Solved Examples on Applications of Trigonometry
Example 1: A tower AB stands vertically on the
ground. From a point C on the ground, which is 12 m away from the foot of the
tower, the angle of elevation of the top of the tower is found to be 60°. Find
the height of the tower.
Solution: From the given figure, it is clear
that AB is the tower and ∠ACB is the angle of elevation.

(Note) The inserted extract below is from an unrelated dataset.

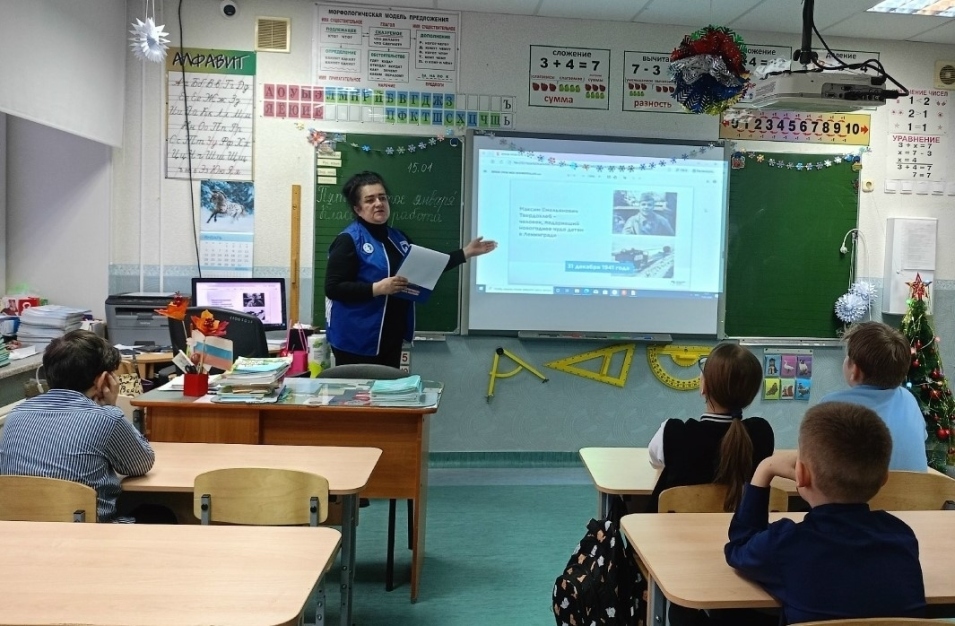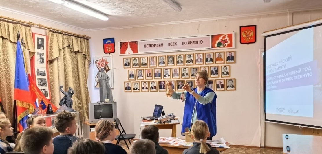 Волонтёры Победы ЗАТО город Заозёрск провели Всероссийский урок памяти «Как отмечали Новый год в Великую Отечественную войну» для обучающихся 4Д класса школы № 289. Добровольцы подготовили содержательную программу, включающую лекторий и видеоматериалы, которые помогли школьникам глубже понять атмосферу суровых лет Великой Отечественной войны.

Thus, ∠ACB = 60° and BC = 12 m.
To solve
this problem, we use the trigonometric ratio tan 60° (or cot 60°), as the ratio
involves height AB and base BC.
Now, tan 60°
= AB/BC
i.e., √3 =
AB/12
i.e., AB =
12√3 m
Hence, the
height of the tower is 12√3 m.
Example 2: An observer 1.7 m tall is 35 m away
from a chimney. The angle of elevation of the top of the chimney from her eye
is 45°. What is height of the chimney.
Solution: In the given figure, AB is the
chimney, CD the observer and ∠ADE the angle of elevation.
CD = BE =
1.7 m
In this
case, ADE is a triangle, right-angled at E and we are required to find the
height of the chimney.
We have AB =
AE + BE = AE + 1.7
And DE = BC
= 35 m
To find AE,
we choose a trigonometric ratio tan 45°, which involves the perpendicular AE
and base DE.
Thus, tan 45°
= AE/ DE
i.e., 1 = AE/35
Therefore,
AE = 35 m
So, the
height of the chimney AB = AE + BE = 35 + 1.7 = 36.7 m
Example 3: A flag is hoisted at the top of a
building 20 m high. From a point P on the ground, the angle of elevation of the
top of the building and the angle of elevation of the top of the flag are 30°
and 45° respectively. Find the length of the flag and the distance of the
building from the point P.
Solution: In the given figure, AB represents
the height of the building and BD the height of the flag. We have two
right-angled triangles PAB and PAD.
We are
required to find the length BD and the distance PA.
Since we
know the height of the building AB, we first consider the triangle PAB.
We have, tan 30° = AB/AP
i.e., 1/√3 = 20/AP
Therefore,
AP = 20√3 m
Hence, the
distance of the building from P is 20√3 m.
Now,
consider the triangle PAD.
Suppose BD =
x m and then AD = (20 + x) m.
We
have, tan 45° = AD/AP
i.e., 1 = (20
+ x)/20√3
i.e., 20 + x = 20√3
i.e., x = 20√3 – 20 = 20(√3 – 1) m
Hence, the
length of the flag is 20(√3 – 1) m.
Example 4: The shadow of a tower standing on the
ground is found to be 50 m longer when the Sun’s altitude is 30° than when it
is 45°. Find the height of the tower.
Solution: In the given figure, AB is the tower
and BC is the length of the shadow when the Sun’s altitude is 45° and BD is the
length of the shadow when the Sun’s altitude is 30°.
Now, let us
suppose AB = h m and BC = x m
CD = 50 m (given)
Thus, BD = (50
+ x) m
In ΔABC, tan
45° = AB/BC
or, 1 = h/x
or, h = x ---- (1)
In ΔABD, tan
30° = AB/BD
or, 1/√3 = h/(50 + x)
or, h√3 = 50 + x ---- (2)
From (1) and
(2), we get
x√3 = 50 + x
x√3 – x = 50
x(√3 – 1) = 50
x(1.732 – 1) = 50
x(0.732) = 50
x = 50/0.732
x = 68.3 m (Approx.)
Hence, the
height of the tower is approximately 68.3 m.